=== PROVIDED DATA ===
***
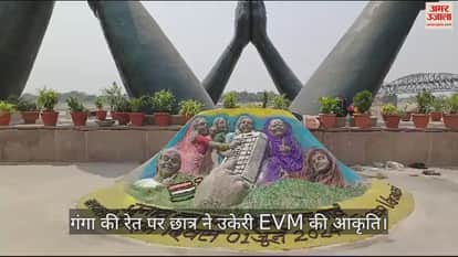 लोकसभा चुनाव को लेकर वाराणसी समेत आसपास के जिलों में प्रशासन समेत कई संगठनों व स्कूलों द्वारा मतदाता जागरूकता अभियान चलाया जा रहा है। इसी क्रम में मतदान के लिए मतदाताओं को जागरूक करने के उद्देश्य से शनिवार को वाराणसी के नमो घाट पर एक छात्र ने रेत से ईवीएम मशीन बनाया। इस कलाकृति को देखने के लिए लोग बेताब दिखे।
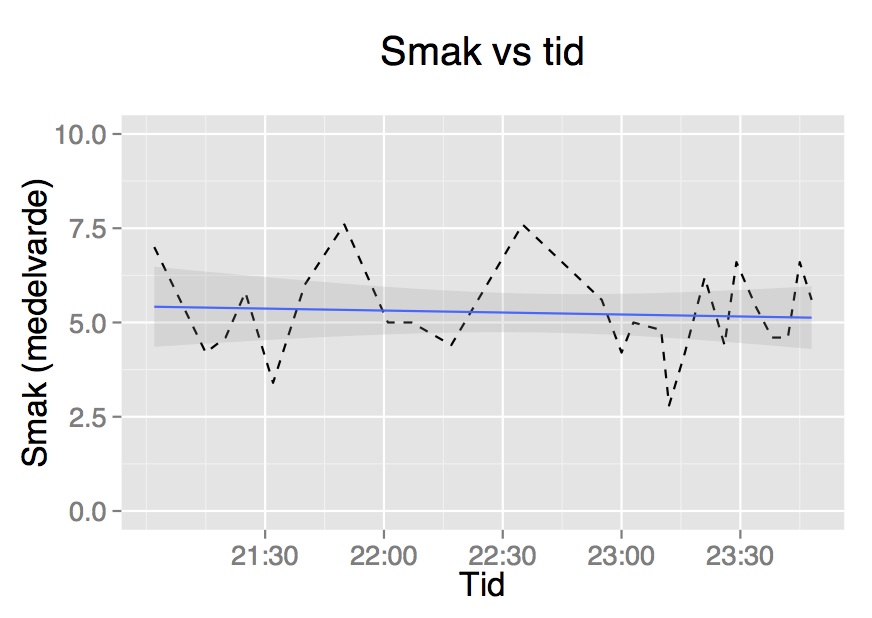 Jag sammanfattade mina vänners skattningar med medelvärden och testade om det fanns något samband mellan tidpunkten då ölen dracks och smakupplevelsen. Det fanns det inte (r = 0,08; p = 0,71). På grafen nedan syns medelvärdena förbundna med en streckad linje. Den blå regressionslinjen visar att sambandet var nästintill obefintligt. Ölen blir alltså varken godare eller äckligare ju mer man har druckit…
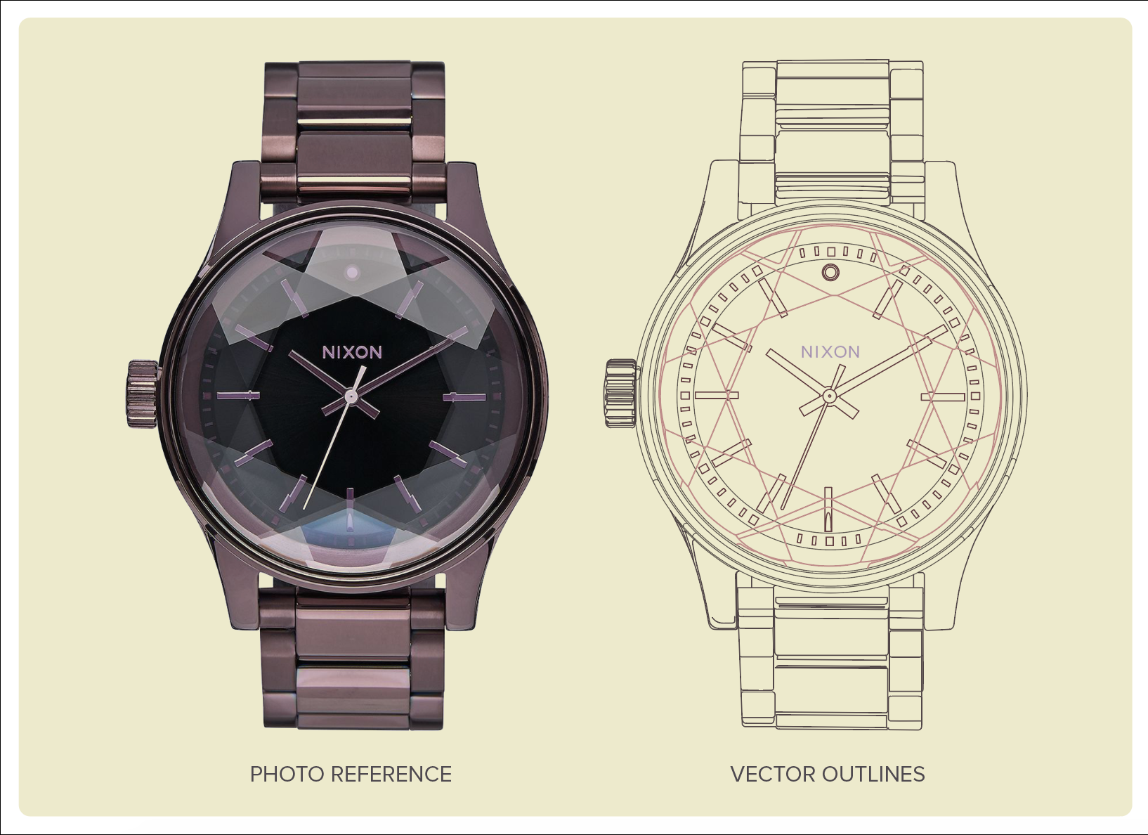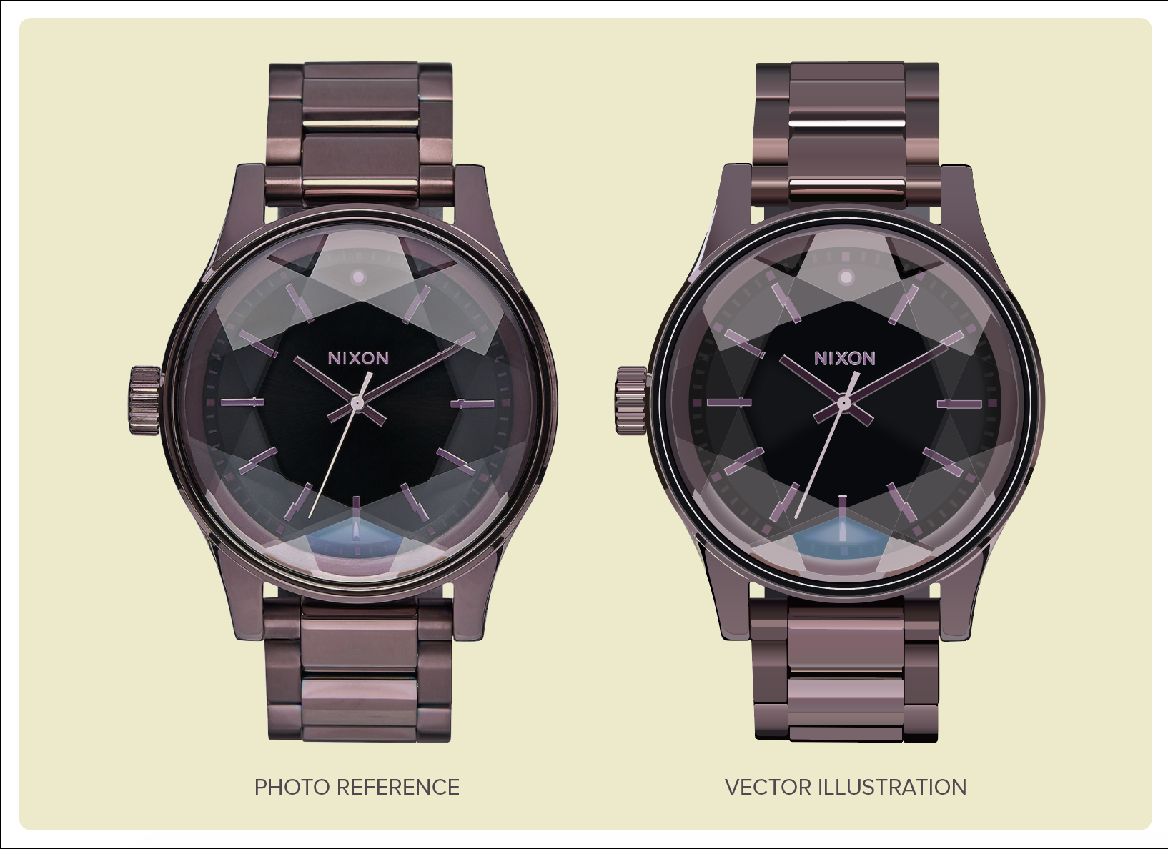 Photo Realistic Vector Illustration. I chose this Nixon watch for my project because the reflection on the different faces of the glass makes an interesting effect that I wanted to follow and learn how to create in vectors. The vector illustration with the vector selected version has three different colors because I have it on three different layers that were very helpful to organize the illustration and add all the needed effects that make it look realistic.
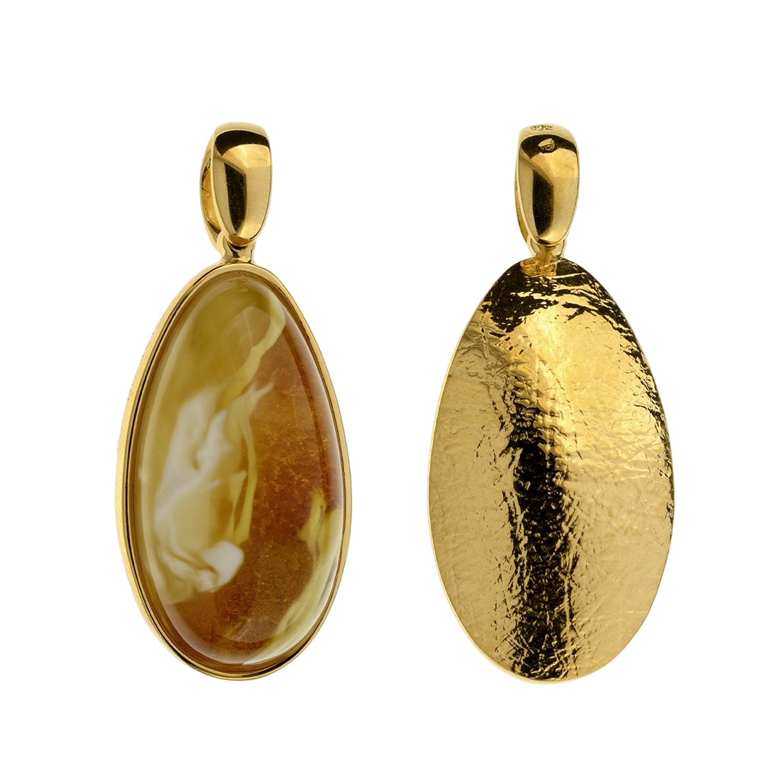 A unique pendant made entirely of gold-plated 925 silver with natural certified Baltic amber in a honey-milk color.
***
=== THE PROBLEM ===
Retype the data above exactly; pictures are not part of the copy.

=== ANSWER BOX ===
 लोकसभा चुनाव को लेकर वाराणसी समेत आसपास के जिलों में प्रशासन समेत कई संगठनों व स्कूलों द्वारा मतदाता जागरूकता अभियान चलाया जा रहा है। इसी क्रम में मतदान के लिए मतदाताओं को जागरूक करने के उद्देश्य से शनिवार को वाराणसी के नमो घाट पर एक छात्र ने रेत से ईवीएम मशीन बनाया। इस कलाकृति को देखने के लिए लोग बेताब दिखे।
 Jag sammanfattade mina vänners skattningar med medelvärden och testade om det fanns något samband mellan tidpunkten då ölen dracks och smakupplevelsen. Det fanns det inte (r = 0,08; p = 0,71). På grafen nedan syns medelvärdena förbundna med en streckad linje. Den blå regressionslinjen visar att sambandet var nästintill obefintligt. Ölen blir alltså varken godare eller äckligare ju mer man har druckit…
 Photo Realistic Vector Illustration. I chose this Nixon watch for my project because the reflection on the different faces of the glass makes an interesting effect that I wanted to follow and learn how to create in vectors. The vector illustration with the vector selected version has three different colors because I have it on three different layers that were very helpful to organize the illustration and add all the needed effects that make it look realistic.
 A unique pendant made entirely of gold-plated 925 silver with natural certified Baltic amber in a honey-milk color.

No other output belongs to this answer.